The CWLProv folder structure under revsort-run-1 is a Research Object that conforms to the RO BagIt profile and contains PROV traces detailing the execution of the workflow and its steps.

A rough overview of the CWLProv folder structure:

bagit.txt - bag marker for BagIt.
bag-info.txt - minimal bag metadata. The External-Identifier key shows which arcp can be used as base URI within the folder bag.
manifest-*.txt - checksums of files under data/ (algorithms subject to change)
tagmanifest-*.txt - checksums of the remaining files (algorithms subject to change)
metadata/manifest.json - Research Object manifest as JSON-LD. Types and relates files within bag.
metadata/provenance/primary.cwlprov* - PROV trace of main workflow execution in alternative PROV and RDF formats
data/ - bag payload, workflow/step input/output data files (content-addressable)
data/32/327fc7aedf4f6b69a42a7c8b808dc5a7aff61376 - a data item with checksum 327fc7aedf4f6b69a42a7c8b808dc5a7aff61376 (checksum algorithm is subject to change)
workflow/packed.cwl - The cwltool --pack standalone version of the executed workflow
workflow/primary-job.json - Job input for use with packed.cwl (references data/*)
snapshot/ - Direct copies of original files used for execution, but may have broken relative/absolute paths

See the CWLProv paper for more details.

Research Object manifest

The file metadata/manifest.json follows the structure defined for Research Object Bundles - but note that .ro/ is instead called metadata/ as this conforms to the RO BagIt profile.

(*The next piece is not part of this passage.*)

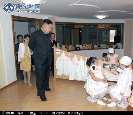 7月15日消息,金正恩在視察平壤慶上幼兒園時,李雪主全程跟隨。

Some of the keys of the CWLProv manifest are explained below:

"@context": [
    {
        "@base": "arcp://uuid,67f38794-d24a-435f-bd4a-0242a56a581b/metadata/"
    },
    "https://w3id.org/bundle/context"
]

This JSON-LD context enables consumers to alternatively consume the JSON file as Linked Data with absolute identifiers. The key for that is the @base which means URIs within this JSON file are relative to the metadata/ folder within this Research Object bag, and the external JSON-LD .

Output from cwltool should follow the JSON structure shown beyond; however interested consumer may alternatively parse it as JSON-LD with a RDF triple store like Apache Jena for further querying.

The manifest lists which software version created the Research Object - we will hear more from this UUID later:

"createdBy": {
    "uri": "urn:uuid:7c9d9e88-666b-4977-85f4-c02da08a942d",
    "name": "cwltool 1.0.20180416145054"
}

Secondly the manifest lists the person who “authored the run” - that is put the workflow and inputs together with cwltool:

"authoredBy": {
    "orcid": "https://orcid.org/0000-0002-1825-0097",
    "name": "Stian Soiland-Reyes"
}

Note that the author of the workflow run may differ from the author of the workflow definition.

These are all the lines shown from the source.